Es ist Mittwoch, es ist Nachmittag und es ist Winter. Nachbar Nasweis-Lästig, der pensionierte Oberstudienrat von hintenraus, sitzt mit einem Anorak und dicken Fellstiefeln auf einem Stühlchen auf dem Flachdach auf dem Anbau rechts. In diesem Anbau befinden sich sechs, zur Nebenstraße gewandte, Garagen, die Nasweis-Lästig für 65 Euro im Monat an andere Bewohner der Straße vermietet hat.
Von seinem Haus geht eine Tür auf das Dach der Garagen und irgendwann, eines Tages, vielleicht zur Feier der Wiederkehr des Tausendjährigen Reiches, will sich Nasweis-Lästig da eine Terrasse draufbauen lassen.
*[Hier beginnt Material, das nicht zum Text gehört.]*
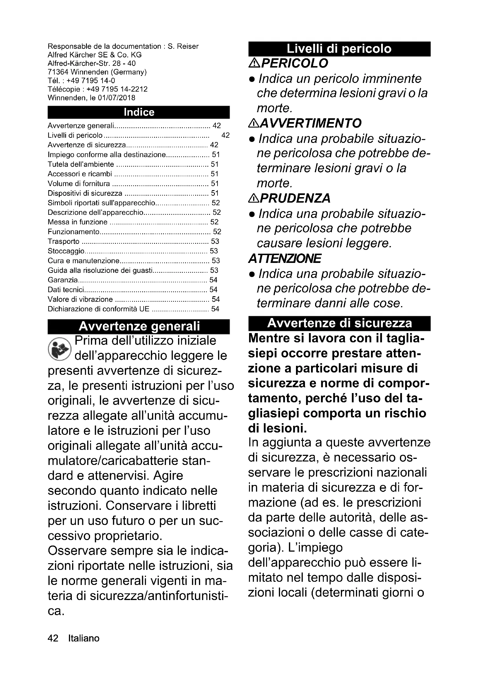 - Longueur de la lame de coupe mm 450 Poids (sans bloc-batterie) kg 2,55 Chairman of the Board of ManagementDirector Regulatory Affairs & Certification H. Jenner S. Reiser42 Italiano Responsable de la documentation : S. Reiser Alfred Kärcher SE & Co. KG Alfred-Kärcher-Str. 28 - 40 71364 Winnenden (Germany) Tél. : +49 7195 14-0 Télécopie : +49 7195 14-2212 Winnenden, le 01/07/2018 Indice Avvertenze generali Prima dell’utilizzo iniziale dell’apparecchio leggere le presenti avvertenze di sicurez- za, le presenti istruzioni per l’uso originali, le avvertenze di sicu- rezza allegate all’unità accumu- latore e le istruzioni per l’uso originali allegate all’unità accu- mulatore/caricabatterie stan- dard e attenervisi. Agire secondo quanto indicato nelle istruzioni. Conservare i libretti per un uso futuro o per un suc- cessivo proprietario. Osservare sempre sia le indica- zioni riportate nelle istruzioni, sia le norme generali vigenti in ma- teria di sicurezza/antinfortunisti- ca. Livelli di pericolo PERICOLO ● Indica un pericolo imminente che determina lesioni gravi o la morte. 몇 AVVERTIMENTO ● Indica una probabile situazio- ne pericolosa che potrebbe de- terminare lesioni gravi o la morte. 몇 PRUDENZA ● Indica una probabile situazio- ne pericolosa che potrebbe causare lesioni leggere. ATTENZIONE ● Indica una probabile situazio- ne pericolosa che potrebbe de- terminare danni alle cose. Avvertenze di sicurezza Mentre si lavora con il taglia- siepi occorre prestare atten- zione a particolari misure di sicurezza e norme di compor- tamento, perché l’uso del ta- gliasiepi comporta un rischio di lesioni. In aggiunta a queste avvertenze di sicurezza, è necessario os- servare le prescrizioni nazionali in materia di sicurezza e di for- mazione (ad es. le prescrizioni da parte delle autorità, delle as- sociazioni o delle casse di cate- goria). L’impiego dell’apparecchio può essere li- mitato nel tempo dalle disposi- zioni locali (determinati giorni o Avvertenze generali p. 42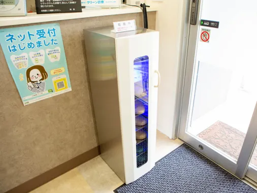 当院では、新型コロナウイルスなどの感染症対策を念頭に、殺菌スリッパケースを設置しております。紫外線を照射してスリッパに付着した病原菌を殺菌しているので、清潔なスリッパをお使いになれます。

Ich schreibe Anorak, ein Wort das inzwischen zwar fürchterlich aus der Mode gekommen ist, wie auch das Kleidungsstück, das diesen Namen trägt. Irgendwann in den späten 70ern wurde der Anorak vom Parka abgelöst, dann kam der Friesennerz in Gelb und seitdem ist der Anorak irgendwie verschwunden.
Okay, wozu sollte man einer Generation von Baseballkappenträgern auch eine Kapuze aufsetzen wollen?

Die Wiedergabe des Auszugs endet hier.